| Requirement |
Reproduce the listing below exactly. Pictures do not belong in the copy.

| Exercise data |
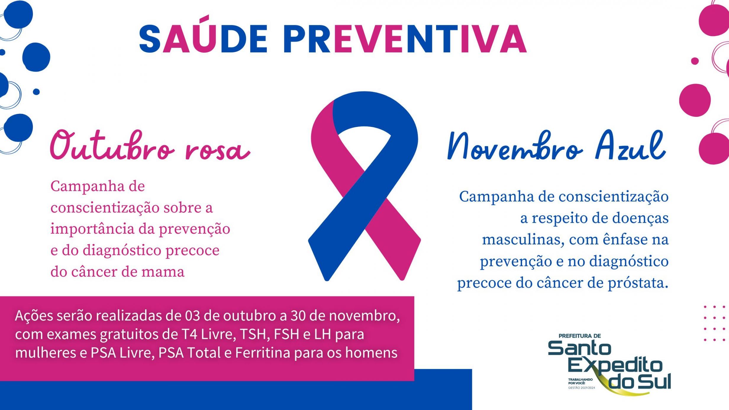 Município terá campanha especial de outubro rosa e novembro azulMunicípio terá campanha especial de outubro rosa e novembro azul
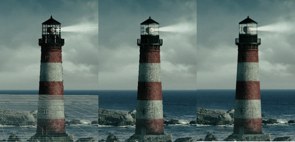 Diese werden anschließend im Compositing zusammengesetzt, was unter anderem die Möglichkeit mit sich bringt, Farbkorrekturen vorzunehmen. Ein typisches Szenario wäre hier im Rendering die unterschiedlichen Oberflächen-Reflexionen (Diffuse, Specular, Shadow, ... ) separat auszugeben und anschließend in After Effects mit entsprechenden Ebenen-Modi zusammen zu setzten.
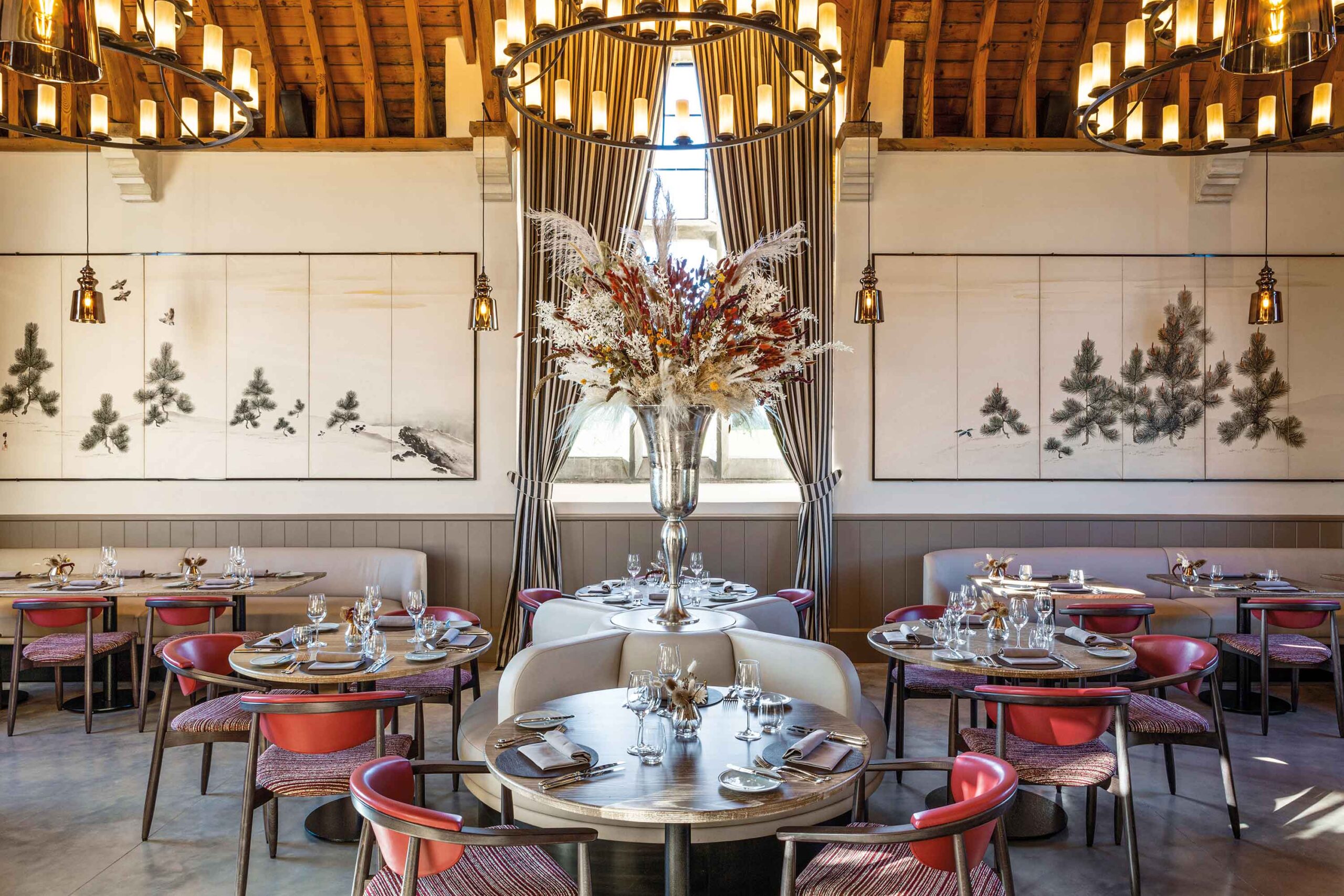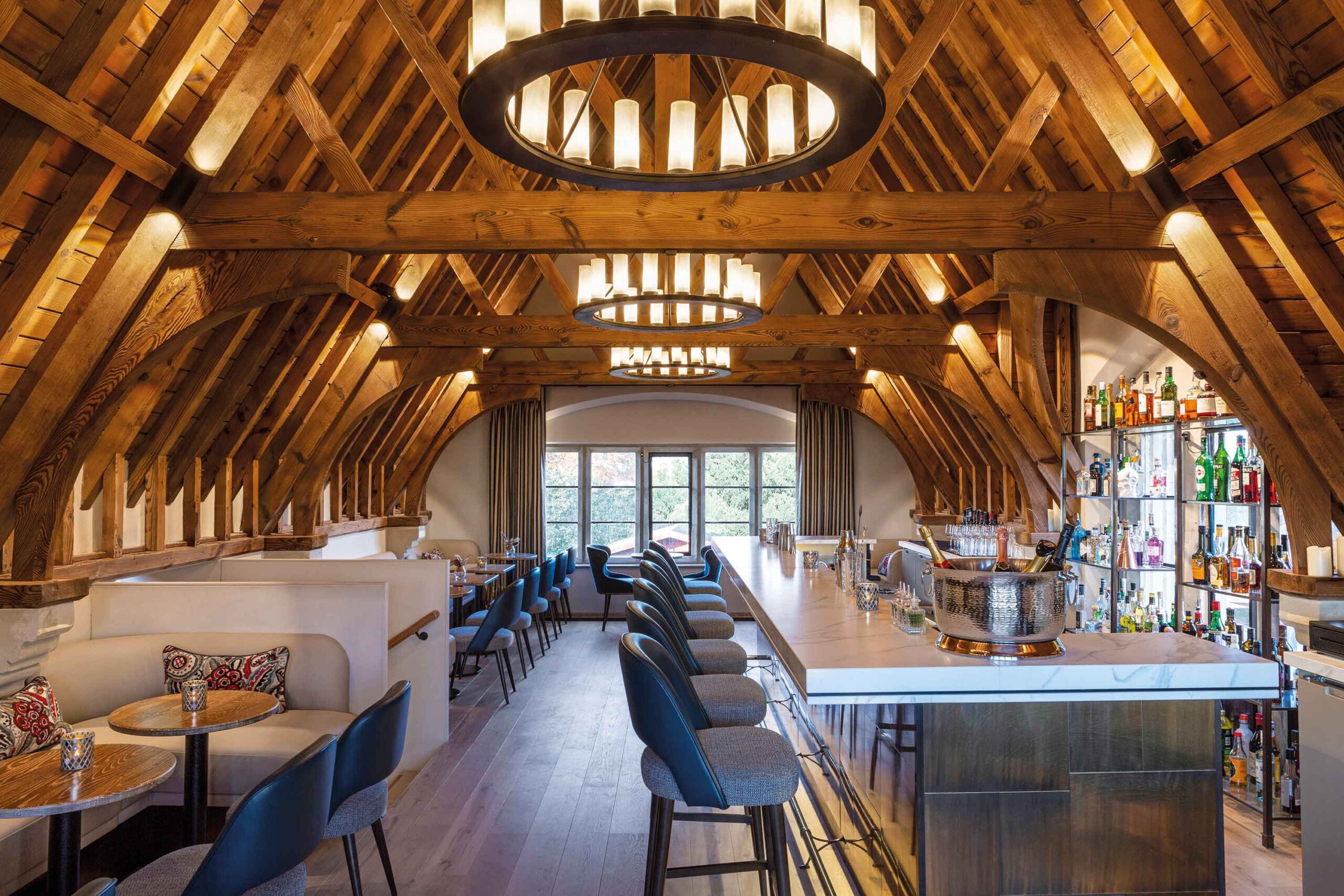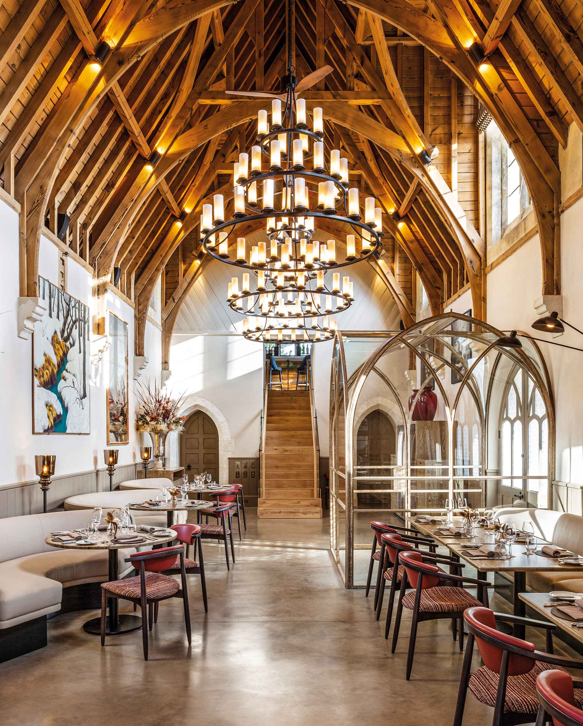 En cuanto a los detalles, se ha restablecido el plano histórico original y las proporciones del comedor central y oeste, mientras que el salón este ahora alberga la cocina principal y una nueva barra en el entrepiso. El distintivo techo de madera con vigas se encuentra escondido debajo de un techo suspendido monótono, un remanente de esa deprimente oficina de los 80. El resultado es un restaurante lleno de carácter. El intrincado techo proporciona una razón más que suficiente para mirar hacia arriba.

| Result |
 Município terá campanha especial de outubro rosa e novembro azulMunicípio terá campanha especial de outubro rosa e novembro azul
 Diese werden anschließend im Compositing zusammengesetzt, was unter anderem die Möglichkeit mit sich bringt, Farbkorrekturen vorzunehmen. Ein typisches Szenario wäre hier im Rendering die unterschiedlichen Oberflächen-Reflexionen (Diffuse, Specular, Shadow, ... ) separat auszugeben und anschließend in After Effects mit entsprechenden Ebenen-Modi zusammen zu setzten.
 En cuanto a los detalles, se ha restablecido el plano histórico original y las proporciones del comedor central y oeste, mientras que el salón este ahora alberga la cocina principal y una nueva barra en el entrepiso. El distintivo techo de madera con vigas se encuentra escondido debajo de un techo suspendido monótono, un remanente de esa deprimente oficina de los 80. El resultado es un restaurante lleno de carácter. El intrincado techo proporciona una razón más que suficiente para mirar hacia arriba.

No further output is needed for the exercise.